TASK DIRECTIONS: Among the entries below, find the line with "When Young Necromancer", then quote it and each following line up to and including the line with "Stoneware ceramic vessel", and nothing else.

LISTED ENTRIES:
BEGIN

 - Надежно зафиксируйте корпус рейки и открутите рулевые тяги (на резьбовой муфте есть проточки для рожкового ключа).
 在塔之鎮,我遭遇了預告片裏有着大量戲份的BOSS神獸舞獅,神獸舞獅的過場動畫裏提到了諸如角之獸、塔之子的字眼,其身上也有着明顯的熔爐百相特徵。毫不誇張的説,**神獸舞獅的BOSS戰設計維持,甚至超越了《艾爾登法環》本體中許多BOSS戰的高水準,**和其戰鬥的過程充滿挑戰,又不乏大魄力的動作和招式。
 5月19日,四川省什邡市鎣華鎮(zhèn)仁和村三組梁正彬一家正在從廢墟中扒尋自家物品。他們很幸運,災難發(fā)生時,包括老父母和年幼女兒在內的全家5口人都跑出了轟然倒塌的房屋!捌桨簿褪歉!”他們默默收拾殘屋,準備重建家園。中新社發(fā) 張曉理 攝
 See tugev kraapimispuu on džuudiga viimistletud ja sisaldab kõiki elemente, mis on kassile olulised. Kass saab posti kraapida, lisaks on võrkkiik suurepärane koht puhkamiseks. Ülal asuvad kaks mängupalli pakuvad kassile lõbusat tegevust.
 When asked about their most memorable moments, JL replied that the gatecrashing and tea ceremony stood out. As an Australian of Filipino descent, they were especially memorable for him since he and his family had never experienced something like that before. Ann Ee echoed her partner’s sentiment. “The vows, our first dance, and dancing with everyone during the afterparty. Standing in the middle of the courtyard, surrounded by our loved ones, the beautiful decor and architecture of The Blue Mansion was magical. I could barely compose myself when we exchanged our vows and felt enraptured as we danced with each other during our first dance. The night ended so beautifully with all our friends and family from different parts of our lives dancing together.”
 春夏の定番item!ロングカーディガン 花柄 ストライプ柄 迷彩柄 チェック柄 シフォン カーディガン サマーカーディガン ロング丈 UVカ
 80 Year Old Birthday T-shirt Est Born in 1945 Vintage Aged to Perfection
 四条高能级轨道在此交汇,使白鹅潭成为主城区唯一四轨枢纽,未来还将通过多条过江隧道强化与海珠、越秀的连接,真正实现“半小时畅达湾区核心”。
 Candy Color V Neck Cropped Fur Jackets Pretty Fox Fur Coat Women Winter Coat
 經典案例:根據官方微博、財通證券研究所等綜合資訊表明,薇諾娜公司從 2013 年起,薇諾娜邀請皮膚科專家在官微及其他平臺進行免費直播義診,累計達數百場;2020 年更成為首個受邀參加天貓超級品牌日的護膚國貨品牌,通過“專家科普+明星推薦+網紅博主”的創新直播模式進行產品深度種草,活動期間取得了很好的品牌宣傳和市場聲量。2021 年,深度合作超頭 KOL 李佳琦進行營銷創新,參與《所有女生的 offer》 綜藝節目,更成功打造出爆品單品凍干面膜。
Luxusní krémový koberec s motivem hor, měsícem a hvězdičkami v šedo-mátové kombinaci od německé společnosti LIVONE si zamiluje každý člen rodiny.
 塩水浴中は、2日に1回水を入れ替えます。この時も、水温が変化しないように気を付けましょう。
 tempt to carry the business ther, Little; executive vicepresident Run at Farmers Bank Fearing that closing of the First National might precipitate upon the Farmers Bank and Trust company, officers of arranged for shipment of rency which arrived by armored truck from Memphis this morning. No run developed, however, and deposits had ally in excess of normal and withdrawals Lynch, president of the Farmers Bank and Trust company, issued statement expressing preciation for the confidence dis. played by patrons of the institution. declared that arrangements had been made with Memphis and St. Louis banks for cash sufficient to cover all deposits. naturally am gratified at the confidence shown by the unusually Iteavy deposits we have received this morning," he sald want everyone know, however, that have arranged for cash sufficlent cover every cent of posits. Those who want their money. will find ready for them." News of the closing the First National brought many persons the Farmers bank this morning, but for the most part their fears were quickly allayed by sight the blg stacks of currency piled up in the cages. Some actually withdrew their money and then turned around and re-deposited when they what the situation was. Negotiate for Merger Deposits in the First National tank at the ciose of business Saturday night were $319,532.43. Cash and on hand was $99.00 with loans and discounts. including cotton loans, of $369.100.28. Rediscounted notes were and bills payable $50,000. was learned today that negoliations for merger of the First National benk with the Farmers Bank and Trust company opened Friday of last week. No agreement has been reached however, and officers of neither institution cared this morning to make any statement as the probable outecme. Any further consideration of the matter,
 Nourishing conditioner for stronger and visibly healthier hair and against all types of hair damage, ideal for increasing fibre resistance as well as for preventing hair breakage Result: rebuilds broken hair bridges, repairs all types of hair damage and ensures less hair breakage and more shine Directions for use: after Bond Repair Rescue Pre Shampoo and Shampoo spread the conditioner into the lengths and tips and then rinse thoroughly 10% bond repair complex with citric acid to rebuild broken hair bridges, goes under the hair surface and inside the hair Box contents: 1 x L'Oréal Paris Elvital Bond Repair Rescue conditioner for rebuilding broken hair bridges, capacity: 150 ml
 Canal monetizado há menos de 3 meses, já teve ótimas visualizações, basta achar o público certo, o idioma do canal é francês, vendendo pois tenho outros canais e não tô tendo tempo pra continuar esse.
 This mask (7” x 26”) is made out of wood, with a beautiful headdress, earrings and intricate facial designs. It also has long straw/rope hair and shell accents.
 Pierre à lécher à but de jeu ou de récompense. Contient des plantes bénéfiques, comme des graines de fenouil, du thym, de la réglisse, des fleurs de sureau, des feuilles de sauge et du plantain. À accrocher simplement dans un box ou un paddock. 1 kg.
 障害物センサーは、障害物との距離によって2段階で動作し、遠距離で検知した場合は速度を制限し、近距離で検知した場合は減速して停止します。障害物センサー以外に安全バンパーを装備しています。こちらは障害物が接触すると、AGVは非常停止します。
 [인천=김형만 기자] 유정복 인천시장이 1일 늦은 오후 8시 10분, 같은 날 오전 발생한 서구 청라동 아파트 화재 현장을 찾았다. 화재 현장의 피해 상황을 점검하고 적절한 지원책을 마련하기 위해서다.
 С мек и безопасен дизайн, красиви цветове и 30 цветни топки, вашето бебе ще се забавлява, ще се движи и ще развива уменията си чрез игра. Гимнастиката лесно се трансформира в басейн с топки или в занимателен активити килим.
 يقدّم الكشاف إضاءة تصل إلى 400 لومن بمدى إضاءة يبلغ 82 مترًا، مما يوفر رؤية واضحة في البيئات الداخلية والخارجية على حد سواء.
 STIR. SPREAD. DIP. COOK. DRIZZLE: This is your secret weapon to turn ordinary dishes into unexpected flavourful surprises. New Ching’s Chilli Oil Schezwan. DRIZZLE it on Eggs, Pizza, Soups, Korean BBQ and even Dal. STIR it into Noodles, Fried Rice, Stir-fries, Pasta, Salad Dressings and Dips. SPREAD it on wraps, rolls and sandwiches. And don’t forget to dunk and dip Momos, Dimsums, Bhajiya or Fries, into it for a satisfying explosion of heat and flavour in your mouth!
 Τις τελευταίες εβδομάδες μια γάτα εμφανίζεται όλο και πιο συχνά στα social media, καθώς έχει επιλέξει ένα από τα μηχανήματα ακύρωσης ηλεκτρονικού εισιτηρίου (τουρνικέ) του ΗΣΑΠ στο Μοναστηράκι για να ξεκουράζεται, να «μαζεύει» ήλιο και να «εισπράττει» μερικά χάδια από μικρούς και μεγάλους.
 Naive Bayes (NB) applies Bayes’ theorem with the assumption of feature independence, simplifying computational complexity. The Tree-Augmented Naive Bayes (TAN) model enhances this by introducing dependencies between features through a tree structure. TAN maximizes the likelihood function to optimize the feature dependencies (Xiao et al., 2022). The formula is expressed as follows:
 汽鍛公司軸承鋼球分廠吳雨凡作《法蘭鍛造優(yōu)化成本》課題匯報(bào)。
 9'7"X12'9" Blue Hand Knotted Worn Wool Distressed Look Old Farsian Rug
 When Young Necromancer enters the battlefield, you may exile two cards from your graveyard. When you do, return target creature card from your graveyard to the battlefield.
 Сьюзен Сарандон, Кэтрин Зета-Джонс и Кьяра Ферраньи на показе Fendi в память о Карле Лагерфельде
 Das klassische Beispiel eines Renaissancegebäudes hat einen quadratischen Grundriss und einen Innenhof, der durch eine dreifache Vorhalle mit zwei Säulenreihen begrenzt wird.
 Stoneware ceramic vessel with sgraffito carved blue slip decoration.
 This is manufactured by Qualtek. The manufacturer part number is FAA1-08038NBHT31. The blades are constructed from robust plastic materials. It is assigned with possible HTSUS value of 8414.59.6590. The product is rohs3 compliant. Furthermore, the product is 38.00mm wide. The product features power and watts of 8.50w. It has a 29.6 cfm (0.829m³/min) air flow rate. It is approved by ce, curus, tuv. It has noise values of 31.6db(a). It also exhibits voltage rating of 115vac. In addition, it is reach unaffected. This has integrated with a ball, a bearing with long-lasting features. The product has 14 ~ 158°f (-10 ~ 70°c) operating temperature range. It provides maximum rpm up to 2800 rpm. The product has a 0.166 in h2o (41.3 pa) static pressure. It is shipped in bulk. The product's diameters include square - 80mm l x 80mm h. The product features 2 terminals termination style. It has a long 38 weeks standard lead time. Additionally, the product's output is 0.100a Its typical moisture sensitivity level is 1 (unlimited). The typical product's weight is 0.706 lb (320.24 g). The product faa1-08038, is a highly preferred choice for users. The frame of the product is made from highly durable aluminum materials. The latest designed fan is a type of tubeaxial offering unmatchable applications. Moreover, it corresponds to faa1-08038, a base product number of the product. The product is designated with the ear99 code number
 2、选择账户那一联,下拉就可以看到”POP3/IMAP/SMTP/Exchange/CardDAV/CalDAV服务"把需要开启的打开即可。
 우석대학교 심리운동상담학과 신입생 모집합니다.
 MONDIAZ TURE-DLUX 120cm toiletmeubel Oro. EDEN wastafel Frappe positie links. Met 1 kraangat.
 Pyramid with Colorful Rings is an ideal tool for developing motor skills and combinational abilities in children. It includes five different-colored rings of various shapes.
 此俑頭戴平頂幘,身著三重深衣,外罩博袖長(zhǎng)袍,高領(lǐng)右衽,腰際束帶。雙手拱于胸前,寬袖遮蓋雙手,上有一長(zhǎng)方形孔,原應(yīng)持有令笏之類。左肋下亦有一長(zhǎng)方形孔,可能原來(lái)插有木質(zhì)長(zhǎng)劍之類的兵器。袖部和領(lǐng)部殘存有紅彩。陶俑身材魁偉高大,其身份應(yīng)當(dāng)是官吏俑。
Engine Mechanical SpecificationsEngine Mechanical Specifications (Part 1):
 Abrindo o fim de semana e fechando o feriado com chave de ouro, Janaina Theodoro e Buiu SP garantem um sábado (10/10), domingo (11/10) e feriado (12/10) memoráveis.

END

EXPECTED ANSWER:
 When Young Necromancer enters the battlefield, you may exile two cards from your graveyard. When you do, return target creature card from your graveyard to the battlefield.
 Сьюзен Сарандон, Кэтрин Зета-Джонс и Кьяра Ферраньи на показе Fendi в память о Карле Лагерфельде
 Das klassische Beispiel eines Renaissancegebäudes hat einen quadratischen Grundriss und einen Innenhof, der durch eine dreifache Vorhalle mit zwei Säulenreihen begrenzt wird.
 Stoneware ceramic vessel with sgraffito carved blue slip decoration.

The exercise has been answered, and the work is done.